*** Opening of DATA SHOWN ***

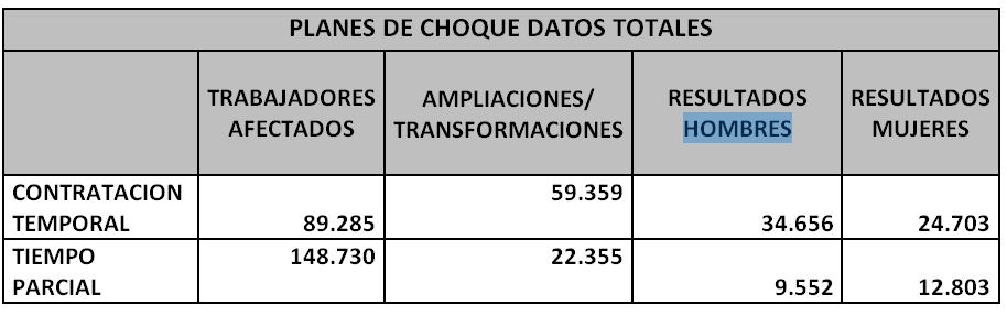 - 59.359 contratos se han transformado como consecuencia de la primera fase del Plan de Choque 2019.
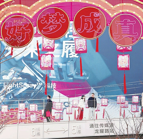 徐家汇商圈张灯结彩,霓虹与红灯相映成趣,商场内外人流不断,购物、餐饮、休闲全线升温,国风展演与潮流打卡点前人头攒动,市民游客在繁华市井中感受海派新春魅力,消费市场红火有序,处处洋溢着团圆喜乐的气息;龙华会现场活动新意十足,鱼灯巡游、民乐演奏、民俗市集轮番上演,古刹钟声与市井烟火相融, 艺术美陈点缀街巷,在传统与时尚的碰撞里,体味最地道的江南年味;黄浦江畔的西岸梦中心以水岸风情独树一帜,戏曲展演、非遗市集、灯光装置点亮滨江空间,江风拂面,年味悠长,市民或漫步江堤赏景,或驻足市集体验手作, 在开阔水岸拥抱新春,文艺与烟火气在此完美交融。
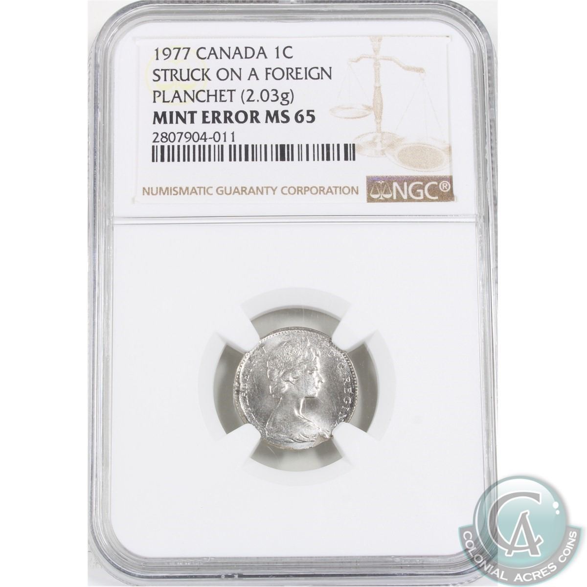 1-cent 1977 Struck on a Foreign Planchet (2.03g) NGC Certified MS-65. Planchet is Magnetic.
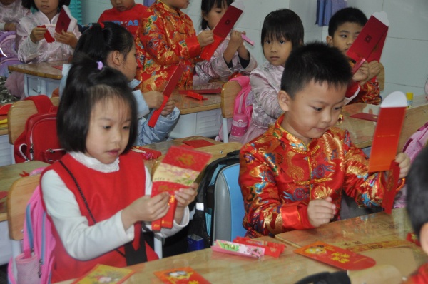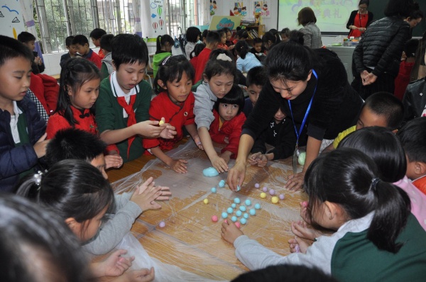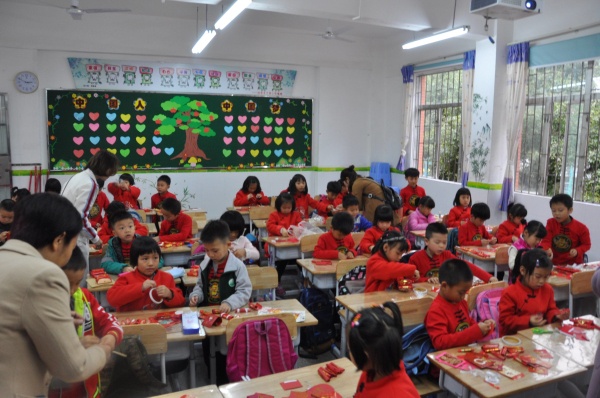 盡管由于雨天關系,游園活動改在室內舉行,但是大家興致不減。下午2:40,新年祝福歌曲的旋律在校園上空回蕩,歡快而又激蕩人心的鑼鼓聲又響起,各班的體驗活動開始了,有做糯米糍的、做湯圓的、包餃子的、煎年糕的;做鞭炮、踢毽子、舞龍;寫福字、踩高蹺、變臉譜、丟沙包……總之,每個年級,每個班級活動各不相同,各具特色。
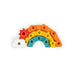 Brinquedo de arco-íris para criar diferentes composições, de acordo com a imaginação ou seguindo os cartões ilustrados. Com pinos diferentes para se familiarizar com formas e cores primárias: estrelas, gotas de chuva, meia-lua e círculos em vermelho, azul e amarelo.
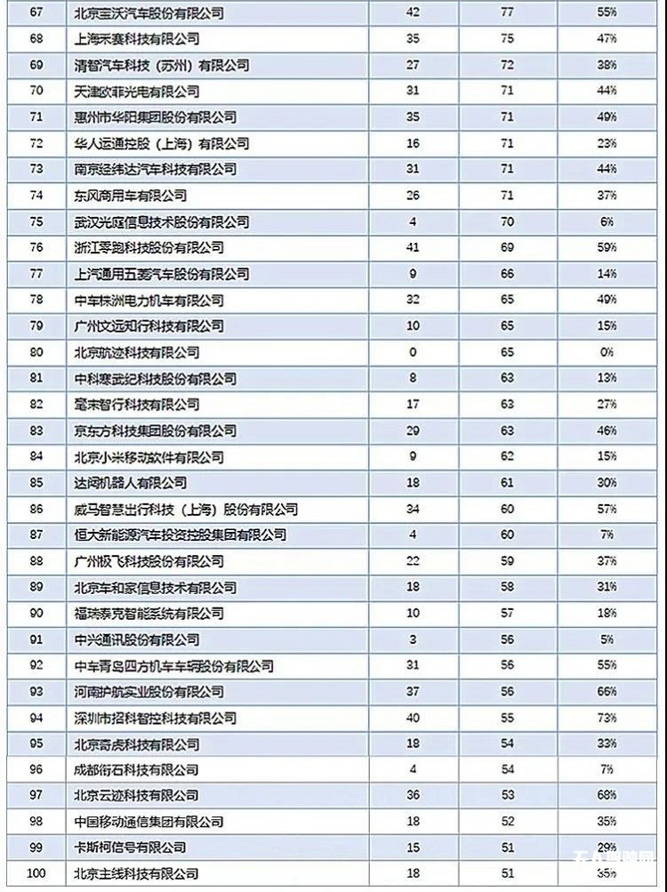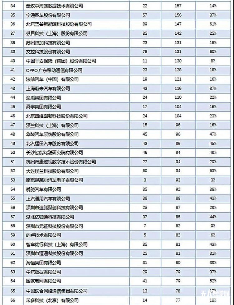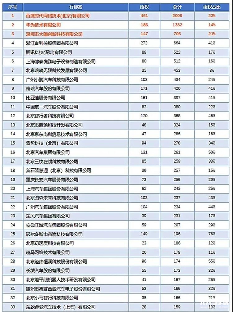 圖片表: 2021年中國自動駕駛專利排行榜TOP100
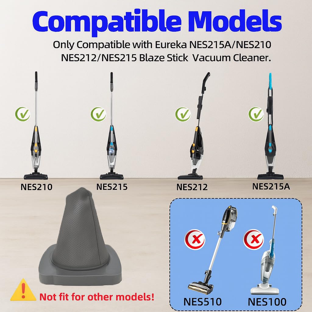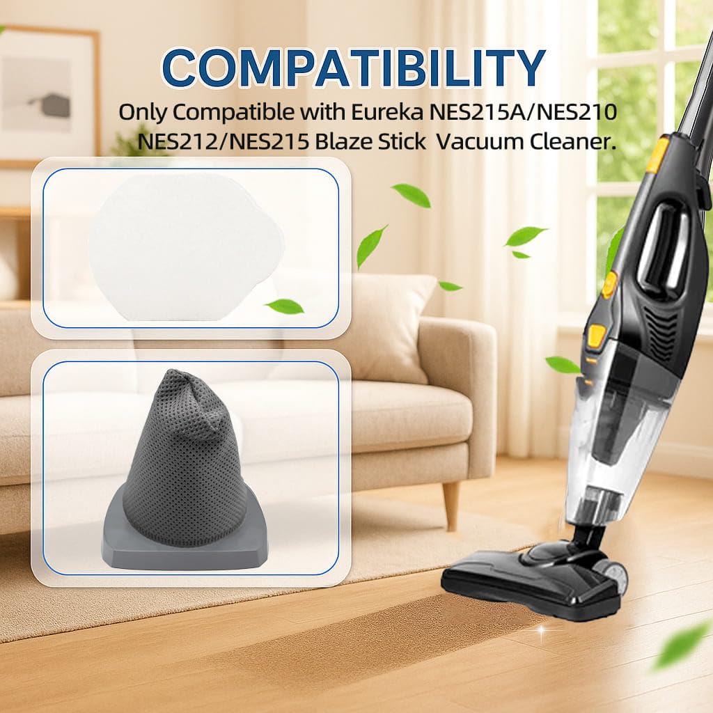 Details: YUJINRU replacement filter is only compatible with Eureka NES215A/ NES210/ NES212/ NES215 Blaze Stick Vacuum Cleaner, Fits Model N0101 N0102 Series,2 Pack Vacuum Filters & 2 Pack Pre-Motor Filters.(Please confirm your machine model number before purchase)
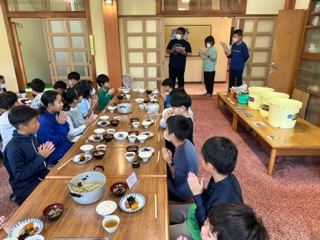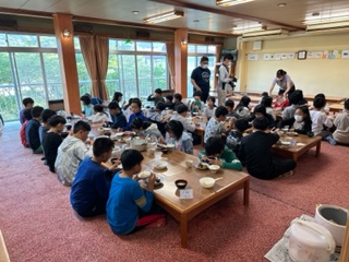 朝食の時間です。今日は登山を始め、沢山の活動があります。しっかり食べて、元気に活動しましょう。

*** Close of DATA SHOWN ***

WHAT IS EXPECTED: Would you copy out the data exactly, leaving every picture out?

SOLUTION TO THE PROBLEM:
 - 59.359 contratos se han transformado como consecuencia de la primera fase del Plan de Choque 2019.
 徐家汇商圈张灯结彩,霓虹与红灯相映成趣,商场内外人流不断,购物、餐饮、休闲全线升温,国风展演与潮流打卡点前人头攒动,市民游客在繁华市井中感受海派新春魅力,消费市场红火有序,处处洋溢着团圆喜乐的气息;龙华会现场活动新意十足,鱼灯巡游、民乐演奏、民俗市集轮番上演,古刹钟声与市井烟火相融, 艺术美陈点缀街巷,在传统与时尚的碰撞里,体味最地道的江南年味;黄浦江畔的西岸梦中心以水岸风情独树一帜,戏曲展演、非遗市集、灯光装置点亮滨江空间,江风拂面,年味悠长,市民或漫步江堤赏景,或驻足市集体验手作, 在开阔水岸拥抱新春,文艺与烟火气在此完美交融。
 1-cent 1977 Struck on a Foreign Planchet (2.03g) NGC Certified MS-65. Planchet is Magnetic.
 盡管由于雨天關系,游園活動改在室內舉行,但是大家興致不減。下午2:40,新年祝福歌曲的旋律在校園上空回蕩,歡快而又激蕩人心的鑼鼓聲又響起,各班的體驗活動開始了,有做糯米糍的、做湯圓的、包餃子的、煎年糕的;做鞭炮、踢毽子、舞龍;寫福字、踩高蹺、變臉譜、丟沙包……總之,每個年級,每個班級活動各不相同,各具特色。
 Brinquedo de arco-íris para criar diferentes composições, de acordo com a imaginação ou seguindo os cartões ilustrados. Com pinos diferentes para se familiarizar com formas e cores primárias: estrelas, gotas de chuva, meia-lua e círculos em vermelho, azul e amarelo.
 圖片表: 2021年中國自動駕駛專利排行榜TOP100
 Details: YUJINRU replacement filter is only compatible with Eureka NES215A/ NES210/ NES212/ NES215 Blaze Stick Vacuum Cleaner, Fits Model N0101 N0102 Series,2 Pack Vacuum Filters & 2 Pack Pre-Motor Filters.(Please confirm your machine model number before purchase)
 朝食の時間です。今日は登山を始め、沢山の活動があります。しっかり食べて、元気に活動しましょう。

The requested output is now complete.